Wednesday, November 24, 2010

Pumpkin Pancakes

These were our Halloween morning breakfast - enjoyed by Em, Justin, Miri, and me.

And, friends. Do not forget to buy the ingredients for the honey nutmeg butter. Believe me. You do not want to miss this part.


Pumpkin Pancakes
taken from Big Girls, Small Kitchen


1 C flour
1 Tbsp baking powder
1/4 tsp salt
1/4 tsp cinnamon
1/8 tsp nutmeg
2 Tbsp brown sugar
1/3 C pumpkin puree
1 egg
1 C milk
1/2 tsp vanilla
2 Tbsp butter, melted and cooled
about 1/2 C mini chocolate chips

Combine the flour, baking powder, salt, cinnamon, nutmeg, and brown sugar in a medium bowl.

In a separate small bowl, combine the pumpkin and the egg and whisk to combine. Add the milk, vanilla, and cooled melted butter, and whisk again to make a smooth mixture.

Pour the wet ingredients over the dry ingredients and fold until they are only just combined--a few lumps remaining are fine.

Heat a cast iron skillet or frying pan over medium-low heat for 3 minutes. Pour about 1/4 C of batter on a griddle per pancake. Sprinkle chocolate chips (to your heart's desire) in the raw batter. Cook until golden brown (about 2 - 3 minute), flip and continue cooking (about an additioanl 2 -3 minutes).

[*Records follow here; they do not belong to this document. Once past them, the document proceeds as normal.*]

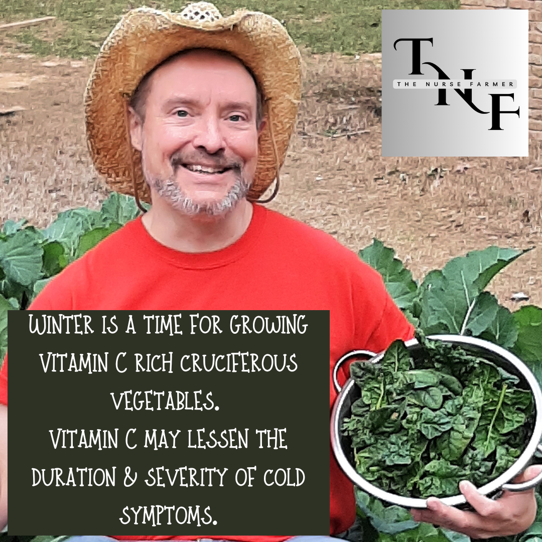 Just because it is winter doesn’t mean you can’t grow vegetables. There are many vegetables that grow during the cold months. Let’s take onions, for example. I planted a raised bed full of Red Creole Onion in November. Being cold hearty, they have survived several frosts and are still growing very well. Other vegetables that thrive well in the winter are cruciferous vegetables. Often referred to as ‘dark-green, leafy vegetables’, cruciferous vegetables are nutrient dense super-foods which include broccoli, Brussels sprouts, cabbage, cauliflower, collards, and turnips. Instead of growing from seed this year, I took a short-cut and bought several six-packs of dark-green leafy plants. I transplanted each of them into individual large pots on my back porch. They are all thriving very well. Another reason to grow cruciferous vegetables during the winter is that most cruciferous vegetables are good sources of Vitamin C. Evidence shows that regular and consistent consumption of Vitamin C prior to catching the cold may help reduce the duration of your cold symptoms.
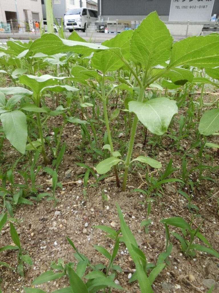 ヒマワリの種を6月4日の公園清掃の際に蒔いてから3週間経ちました。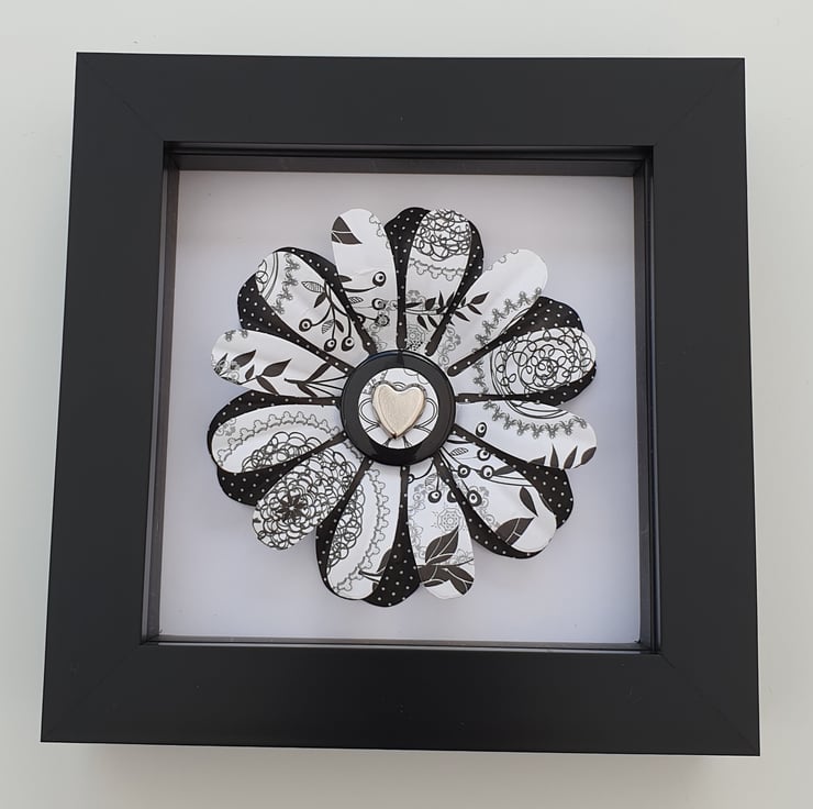 Lovely monochrome 3D flower papercrafted from pretty paper and set in a small box picture frame. A button and a metal heart have been used for the flower centre.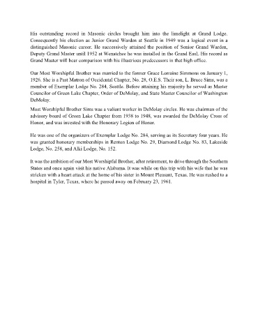 Most Worshipful Brother Sims was a valiant worker in DeMolay circles. He was chairman of the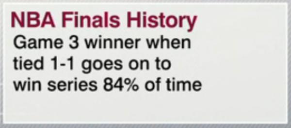 NBA Finals: when tied 1-1, Game 3 winner takes series (84%)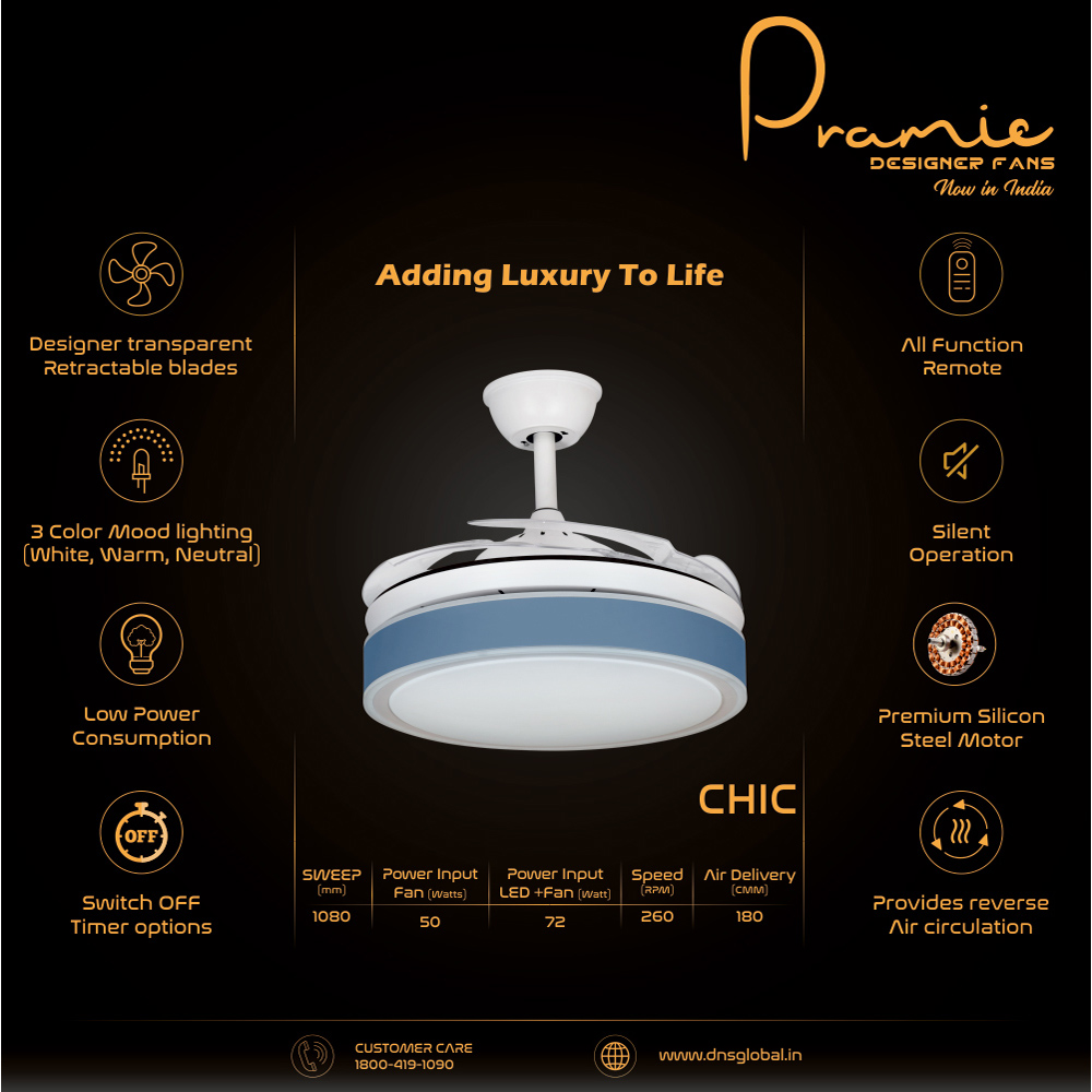 The unique and eye catchy design of the chic makes it an instant hit . A beautiful ceiling fan with a LED light in the centre, it is a perfect additon to your modern living room.

Remove to a plate and serve immediately with Honey-Nutmeg Butter and maple syrup.
Honey-Nutmeg Butter
Makes 1/2 cup

Ingredients
1 stick butter, softened
2 Tbsp honey
1/4 tsp nutmeg
pinch of cinnamon
pinch of salt (if using unsalted butter)

Cream the butter with the honey, nutmeg, and cinnamon until slightly fluffy and even. Scrape into a small bowl and refrigerate until about 30 minutes before you're ready to use. Then, let it soften slightly.

My Notes:
Again - do not skip the honey nutmeg butter.